The epidemic of typhus that seemed softened down, broke out again, sweeping away whole villages. The death-list of my husband’s companions of arms swelled. I was present at the funeral service officiated over by General Goubski, a good friend of ours, and was very painfully impressed by it; all who stood by were dry-eyed, his servant only seemed somewhat afflicted. I returned home in a most depressed state of mind. As I entered my room I perceived on the flat roof of the house opposite my lodgings an unusual animation; there was a table in the middle surrounded by officers and soldiers; I was told that it was a public sale of all the articles that had belonged to an inhabitant of that house, a Cossack colonel who had just been carried away by the typhus. On the other side of the roof the clothes of the deceased officer were burnt on a wood-pile. At the sight of that my nerves utterly gave way, and I was seized more than ever with a strong desire to rejoin my husband. I was so awfully anxious knowing him to be in Erzeroum, where the disease was at its height, that I could endure the separation, the uncertainty, the suspense no longer. My pillow that night was all moistened with tears. I lay in the dark, save for the ghastly light of the smouldering fire on the opposite roof, with my pessimistic thoughts to keep me company; I turned my face to the wall and sobbed hot, miserable sobs until I fell into an uneasy slumber.

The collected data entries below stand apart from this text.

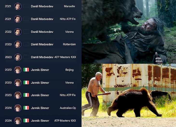 Но потом Янник переродился. Он стал мощнее, разнообразнее, подтянул подачу. Он превратился в первую ракетку мира, а в процессе обыграл Даниила пять раз подряд. Про это даже мем смешной есть.
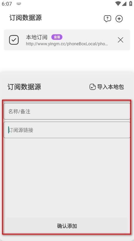 4、输入名称/备注,请复制粘贴上面一个问题中的订阅源地址,然后点击确认添加即可。
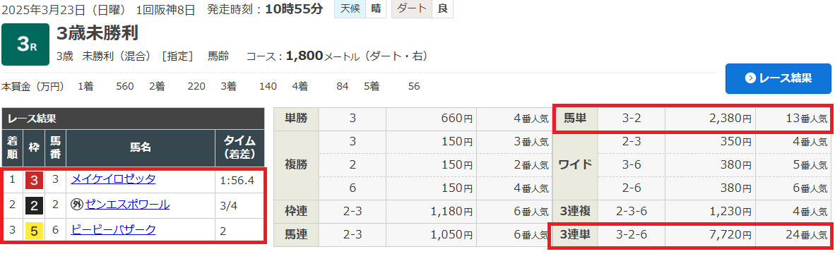 4番人気の③メイケイロゼッタが勝利したのですが、3着固定だったので悲しいことにどちらの馬券も不的中となりました…

The next morning my mind was made up and I despatched a telegram to my husband, telling him that, come what might, I would start for Erzeroum. It was all to no purpose again; Sergy showed himself the most inexorable of husbands and wrote to me that I must listen to reason and wait patiently until his return after the ratification of the armistice. But I was not in a humour to listen to reason. “Wait patiently,” I cried out with unusual heat in myself, “Patience be hanged! I’ll go crazy if I don’t go to Sergy; I cannot possibly sit still and wait!”